---------- Data listing

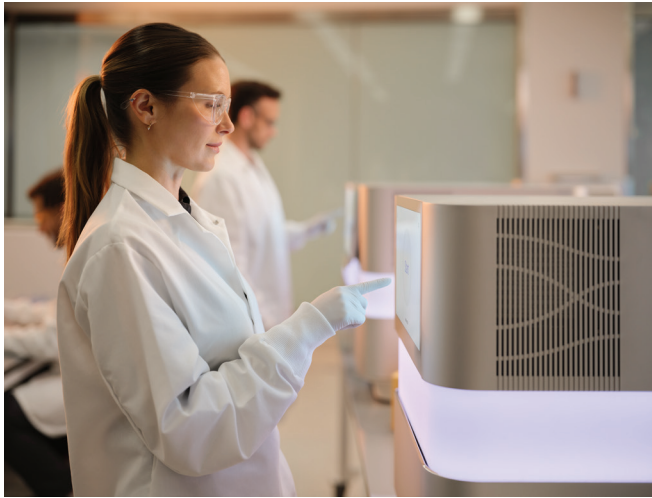
図2: 経験豊富なイルミナのフィールドサービススタッフが適格性評価サービスを実施し、ラボの生産性を最大化し、ターンアラウンドタイムを短縮し、規制遵守を維持できるようにします。
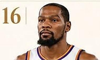
16 | Kevin Durant

Boxeador célebre por convertir cada pelea en un negocio masivo.
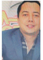
El comunicador Mau

La salida de Mondino se confirmó al cabo de una ola de rumores sobre su inminente eyección del Gabinete de Milei tras el voto de Argentina en la Asamblea General de la ONU.
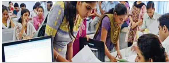
पहले राउंड की काउंसिलिंग

PHOTON NEWS JAMSHEDPUR: झारखंड संयुक्त प्रवेश प्रतियोगिता परीक्षा पर्यट (जेसीईसीईबी) ने जेईई मेन की स्टेट मेरिट लिस्ट के आधार पर राज्य के इंजीनियरिंग संस्थानों में सत्र 2023-24 में प्रवेश के लिए सेकेंड काउंसिलिंग की तिथि जारी कर दी है। इंजीनियरिंग संस्थानों में बीई एवं बीटेक कोर्स के लिए आनलाइन काउंसिलिंग होगी। आवेदन के लिए जेसीईसीईबी की वेबसाइट https://jceceb.jharkhand.gov.in पर जाना होगा। आवेदन की प्रक्रिया पूरी होने के बाद इसमें करेक्शन का भी मौका मिलेगा। विदित हो कि राज्य इंजीनियरिंग कॉलेज में एआईसीटीई से मान्यता प्राप्त कुल 4898 सीट है। बीआइटी सिंदरी में 680 सीट पर इस काउंसिलिंग के जरिए नामांकन होगा।
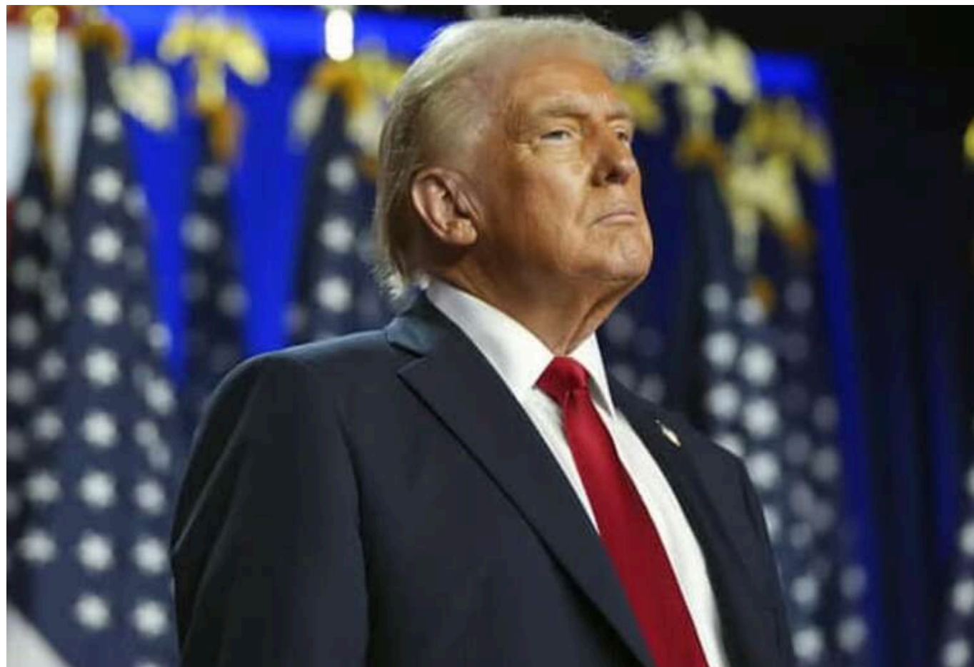
В адміністрації Трампа відхрестились від заяв радника, який закликав Україну "забути про Крим"

У перехідній адміністрації Дональда Трампа повідомили, що радник кампанії обраного президента США Браян Ланза не висловлювався від його імені, закликаючи Україну "забути про Крим" як необхідну умову для мирного врегулювання.
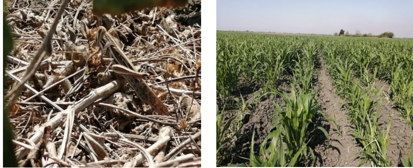
Figura 2. Exploración y muestreo de Langosta en San Luis Potosí.

Control. En este mes se realizaron acciones de control de 21 brotes de poblaciones de Langosta en etapa de adulto, fase solitaria (manchón y solitarios), que sobrepasaron las densidades máximas permisibles en la normativa, en una superficie de 183 hectáreas en los estados de Chiapas, San Luis Potosí, y Tamaulipas, mediante aplicaciones de insecticida.
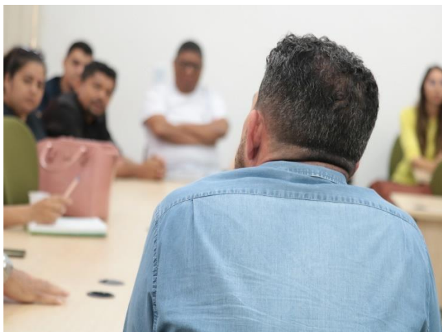
Figura 2- Reunião com os Técnicos dos municípios
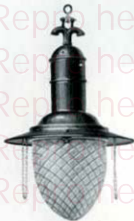
1261 avec globe en verre optophaue
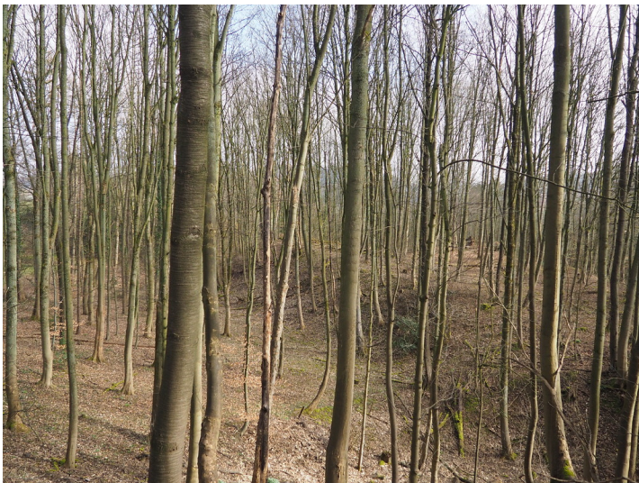
Steinbruch Velbert-Hefel (2021), bewaldete Schutthalde des Steinbruchs
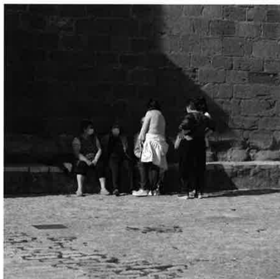
Banco corrido en fachada sur de la Iglesia a la sombra.
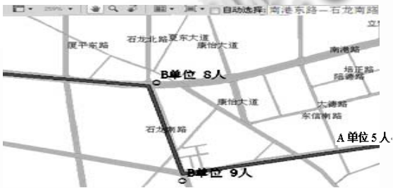
图 2 某现场警力部署图

为了便于警卫线路规划，常用线路可以重复地在多次的警卫任务中使用，当有新的警卫任务时，可以调出原来的线路，或新建线路就行警卫线路规划。警卫线路可以命名以便于管理，可以根据输入的地点名，经过搜索将地点在图上显示出来，查询警务单位的空间位置和属性信息。线路、警卫点的查询支持通过空间信息查询，也支持属性信息（例如线路名称、警卫点名称等）查询。
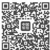
扫描二维码 聆听“雷锋原声”
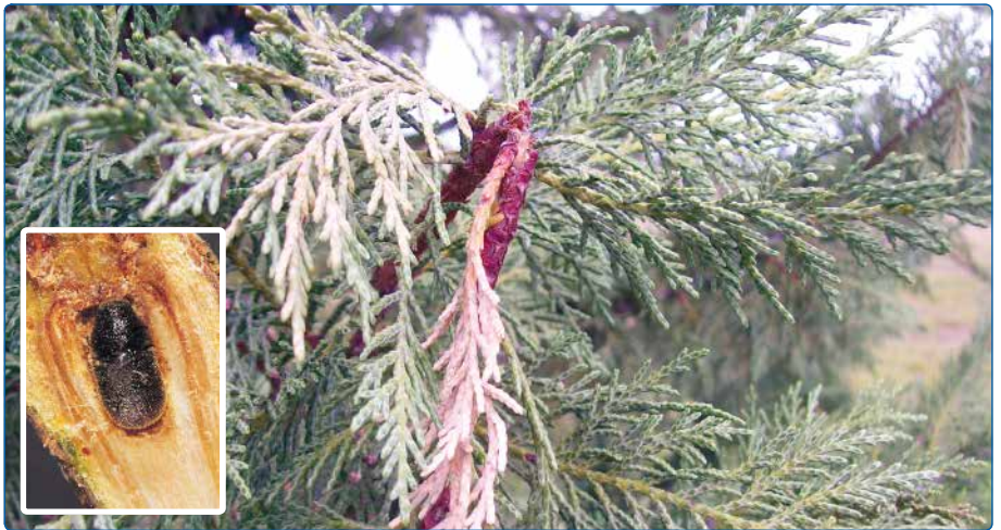
Borókaszú és kártétele Leyland cipruson. Jellegetes a lógó ág.

az esti órákban. Fontos, hogy a növény belsejébe is jusson a permetszerből.
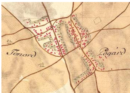
Első katonai felmérés Sárbogárd településszerkezete 1763

Az osztrák mintájú polgári közigazgatást Sárbogárdon hivatalosan 150 évvel ezelőtt, 1871-ben, vezették be. Egészen addig a Bogárd–Tinód közbirtokosság igazgatási ügyeit az Úri utca kúriáiban intézték, peres ügyekben pedig az úriszék ítélkezett. A budai helytartótanács ennél jóval korábban, 1855-ben adott ki hivatalos határozatot Bogárd–Tinód mezővárossá fejlesztéséről, és ekkor hagyták jóvá az egyesített Bogárd–Tinód új hivatalos nevét és címerét is, s lett a település neve – ekkor még csak papíron – Sárbogárd mezőváros.
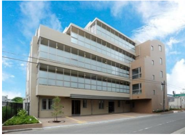
高齢者向け地域優良賃貸住宅 エスケイワイコート（金沢区）
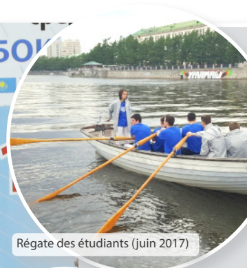
Régate des étudiants (juin 2017)

--------------------

Task requirements -
Repeat word for word, leaving out the pictures, each line of the records from the line that holds "Első katonai felmérés" through the final one.

Task answer -
Első katonai felmérés Sárbogárd településszerkezete 1763

Az osztrák mintájú polgári közigazgatást Sárbogárdon hivatalosan 150 évvel ezelőtt, 1871-ben, vezették be. Egészen addig a Bogárd–Tinód közbirtokosság igazgatási ügyeit az Úri utca kúriáiban intézték, peres ügyekben pedig az úriszék ítélkezett. A budai helytartótanács ennél jóval korábban, 1855-ben adott ki hivatalos határozatot Bogárd–Tinód mezővárossá fejlesztéséről, és ekkor hagyták jóvá az egyesített Bogárd–Tinód új hivatalos nevét és címerét is, s lett a település neve – ekkor még csak papíron – Sárbogárd mezőváros.
高齢者向け地域優良賃貸住宅 エスケイワイコート（金沢区）
Régate des étudiants (juin 2017)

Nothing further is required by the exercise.